◆ Records for this task:
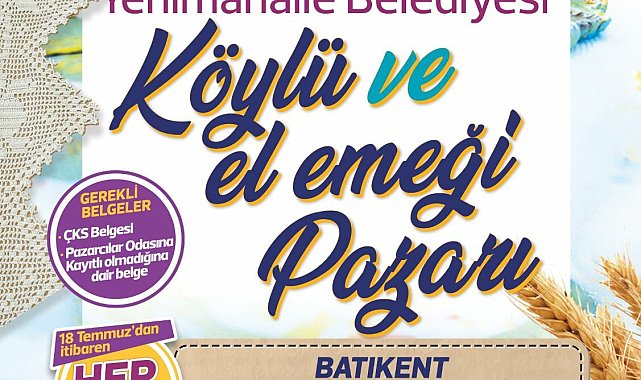 Yenimahalle Belediyesi Köylü ve El Emeği Pazarı 18 Temmuz'dan itibaren her salı Batıkent Batı Sitesi Semt Pazarı’nda ve 20 Temmuz'dan itibaren ise her perşembe günü, Yenimahalle Kapalı Semt Pazarı’nda organik sebze ve meyveler ile el emeği ürünleri vatandaşlarla buluşturacak.
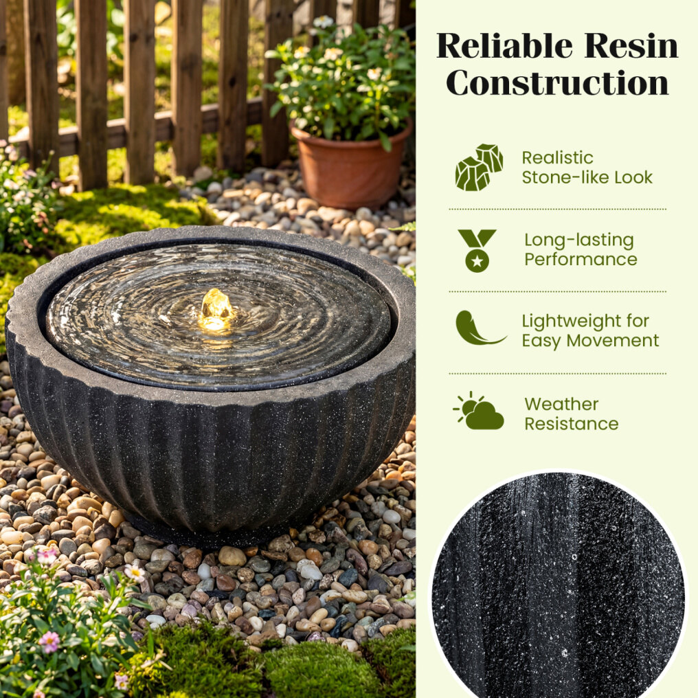 ● Reliable Resin and Fiberglass Construction: Crafted from premium resin and fiberglass, the round sphere water fountain ensures excellent weather resistance and long-lasting performance. Its curved ridges with a realistic gray stone rock finish bring a sophisticated touch of natural beauty to your home or yard.
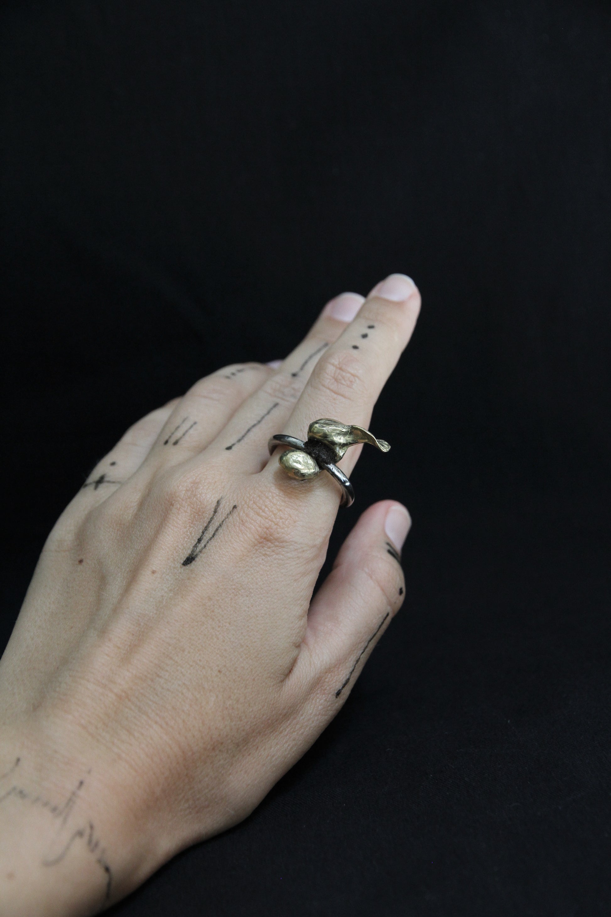 La banda de acero alberga una oleada de latón: un cuerpo abstracto y fluido que desafía la simetría y la definición. Podría ser movimiento, crecimiento, emoción o recuerdo, congelado a mitad de compás. Pulse es una escultura portátil, primitiva pero delicada, creada para despertar el tacto y provocar la reflexión.
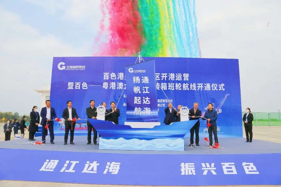 1月6日上午,百色港头塘作业区开港运营暨百色-粤港澳大湾区首条集装箱班轮航线开通仪式在百色市举行。
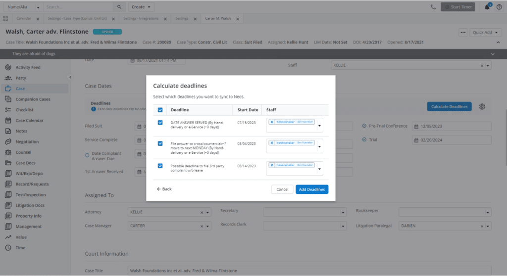 Save time with automated deadlines and legal calendaring in Neos case management software.
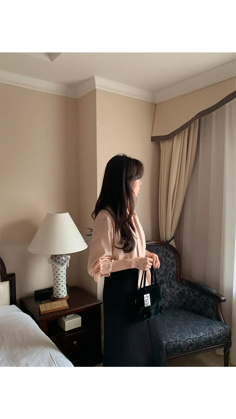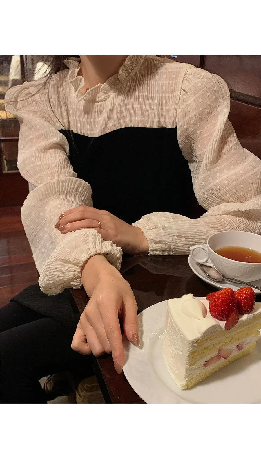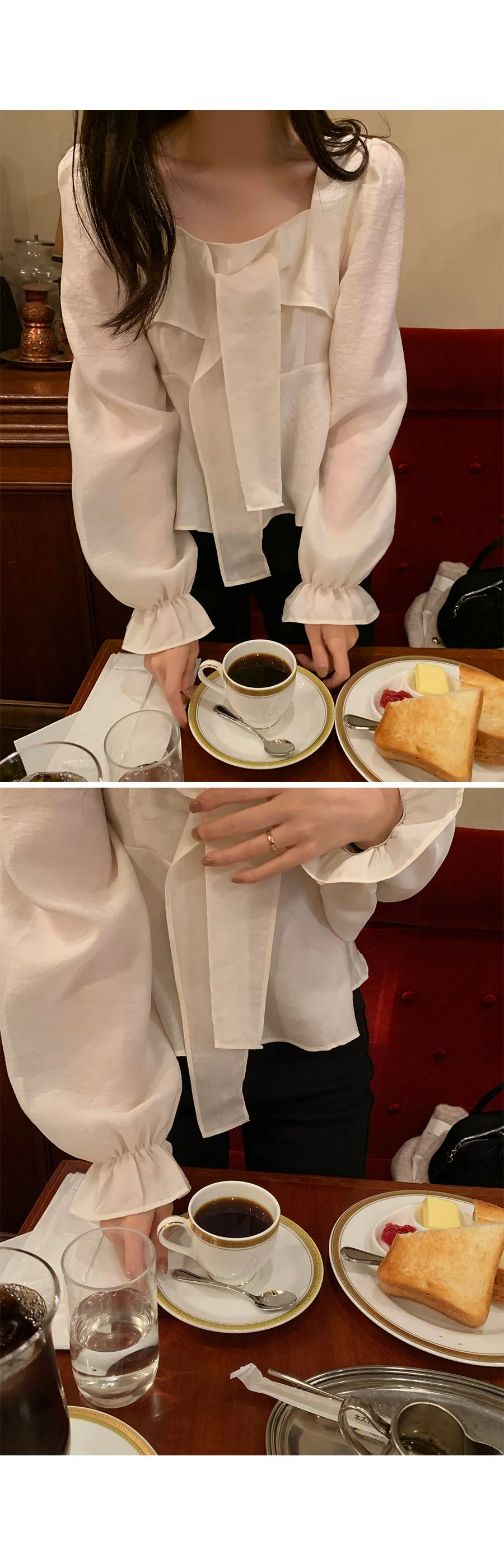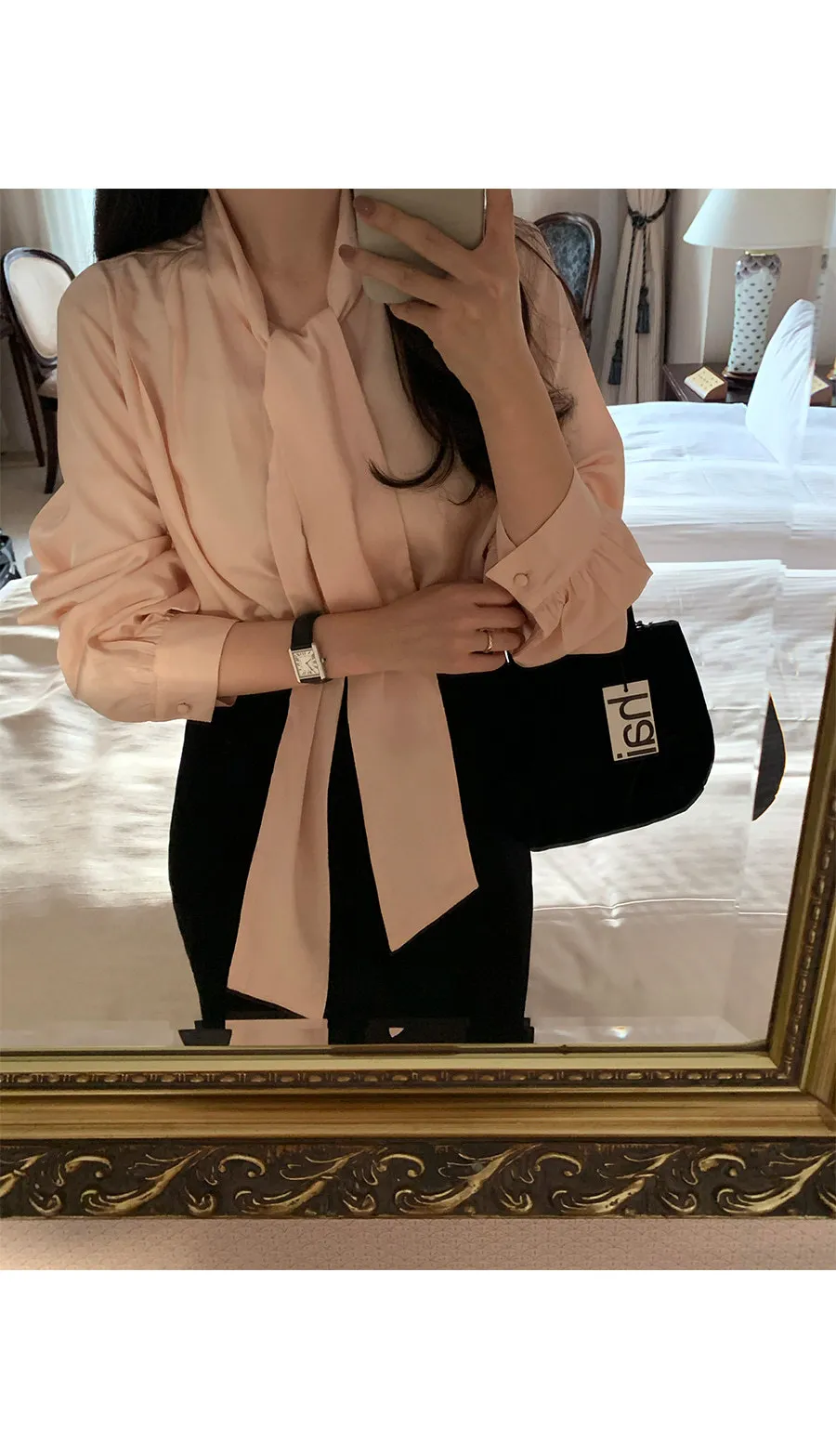 奢華氛圍微光側領綁帶肩線針褶排扣上衣

◆ Problem to work on:
Write the records out in full, word for word; leave every picture behind.

◆ Problem solution:
 Yenimahalle Belediyesi Köylü ve El Emeği Pazarı 18 Temmuz'dan itibaren her salı Batıkent Batı Sitesi Semt Pazarı’nda ve 20 Temmuz'dan itibaren ise her perşembe günü, Yenimahalle Kapalı Semt Pazarı’nda organik sebze ve meyveler ile el emeği ürünleri vatandaşlarla buluşturacak.
 ● Reliable Resin and Fiberglass Construction: Crafted from premium resin and fiberglass, the round sphere water fountain ensures excellent weather resistance and long-lasting performance. Its curved ridges with a realistic gray stone rock finish bring a sophisticated touch of natural beauty to your home or yard.
 La banda de acero alberga una oleada de latón: un cuerpo abstracto y fluido que desafía la simetría y la definición. Podría ser movimiento, crecimiento, emoción o recuerdo, congelado a mitad de compás. Pulse es una escultura portátil, primitiva pero delicada, creada para despertar el tacto y provocar la reflexión.
 1月6日上午,百色港头塘作业区开港运营暨百色-粤港澳大湾区首条集装箱班轮航线开通仪式在百色市举行。
 Save time with automated deadlines and legal calendaring in Neos case management software.
 奢華氛圍微光側領綁帶肩線針褶排扣上衣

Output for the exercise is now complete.